Alien Invasions: Do They Deserve Their Bad Rep?

by Christie Wilcox in Observations of a Nerd

Recently, in a post titled "Ecologists: Time to End Invasive-Species Persecution", Brandon Keim discussed a comment published in Nature which argued that the ecological community unfairly vilifies the various plants and animals we've transported around the globe. In some sense, the authors are right, at least as far as saying that not all alien species should be considered bad or needing removal.

Straight from the beginning, though, the authors attack a dichotomy that doesn't exist. They write that a "native-versus-alien species dichotomy" is counterproductive, and that new, pragmatic approaches are needed. This makes it sound like scientists and managers label every plant or animal as A or B, and those in A are allowed to stay and those in B are eradicated. To an ecologist, though, there is no "dichotomy" - there are a range of labels that apply to a variety of situations. Specifically, there is already a strong distinction between invasive species and introduced, non-native or alien species - not to mention game species, fisheries species, etc.

I don't know of a single removal program that seeks to eradicate every species in an area that wasn't there 100 years ago. Removal programs don't target all "non-natives" - they target invasives.

Invasive species get their own category, as well they should. They are specifically defined by the US government as "alien species whose introduction does or is likely to cause economic or environmental harm or harm to human health." Almost half of the threatened and endangered species are at risk due to the impacts of invasive species. In the US alone, invasive species cause an estimated $140 billion dollars in environmental damages and losses every year1.

Take the species I study: lionfish (Pterois volitans and P. miles). Lionfish were first sighted in the Atlantic in the late 1990s. In the past decade, they have become ubiquitous from Brazil to New York. They're a classic invasive species: they grow quickly, breed year round, have no natural predators or diseases in their invasive range, and they are causing serious ecological damage. Studies have found they reduce the recruitment of larval fishes by 79% on average2, and they are causing a shift from coral dominated to algal dominated ecosystems3. The lionfish hardly stand alone. Hundreds of species from rats and mice to cane toads cause serious damage to ecosystems on a daily basis.

So do we over-vilify invasive species? No, we don't.

The debate about invasive species really hits home in Hawaii, where 25% (maybe more) of the local flora and fauna aren't just native, they're endemic, which means they are found nowhere else in the world. It's estimated that somewhere around 25 new species are introduced to Hawaii every year, but thankfully, most of these do not become invasive. Indeed, of the 13,000 or so species of plants that have been introduced to Hawaii, only about 1% are considered invasive. Those that are deserve the title and the removal efforts that tend to go with it. When invasive species take over natural habitats in Hawaii, they very directly and quickly drive species towards extinction. Not surprisingly, Hawaii has a number of invasive species removal programs targeting species that are or might be a problem.

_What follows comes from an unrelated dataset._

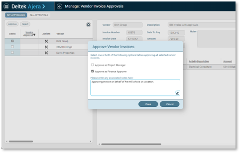 The latest Deltek Ajera release introduced automation of vendor invoice approval processes to accelerate the billing cycle. Route invoices to project managers and financial leaders, eliminating manual processes. Financial teams can set up invoice approval routing rules based on the invoice amount, project or vendor type. Additionally, teams can track the status of invoices to ensure there is no delay in cash flow. This improvement ensures efficiency and accuracy, minimizing delays and errors in the invoicing process.

I couldn't believe the authors chose to picture Miconia (Miconia calvescens) removal in Hawaii as their lead image, especially since they then didn't even bother to talk about it. Yes, a lot of effort is spent preventing the spread of Miconia in Hawaii, but it's for damn good reason - all Hawaiian biologists and managers need to do is take a look at Tahiti, where it's referred to as "green cancer". A single Miconia was introduced to Tahiti in 1937. Within a half a century, the plant took over. By the 1990s, the plant had spread to 70% of the island's forested areas, over a third of which were near monotypic, meaning the Miconia had out-competed and overrun all the other native species of trees4.

On Oahu, Miconia has not had that kind of impact because we have actively prevented it. If we were to stop these removal efforts, there is little doubt that Miconia would spread. One study estimated that it would take less than a century for Micona to take over Oahu like is has Tahiti5. That study also estimated what would happen if we stopped control efforts for the next 40 years; the cost of doing nothing, based on loss of native habitat and species, changes in watershed properties, and other ecosystem damages would be $627 million.

This is the species that Davis and his colleagues chose as the front image for saying we unnecessarily persecute non-native species?

But, of course, the authors don't talk about Miconia, or any of the removal programs in Hawaii. They instead cherry-pick their examples, cite their own work, and ignore the vast majority of the science from the past ten years which supports invasive species management.

I wouldn't be so bothered by this short essay, except that more than ever, management programs need to be supported. If only the authors' claim that there is "a pervasive bias against alien species that has been embraced by the public, conservationists, land managers and policy-makers" were true. But sadly, many politicians and people just don't care. Just earlier today, my grandfather was watching a Fox News segment called "The Money Hole", in which John Stossel started ranting and raving about all the ways in which the US wastes tax payer money. One of his examples? The $500,000 spent on removing brown tree snakes from Guam - one of the nastiest invasive species around, responsible for the extinction of ten out of the twelve native bird species that once lived there as well as a slew of other damages.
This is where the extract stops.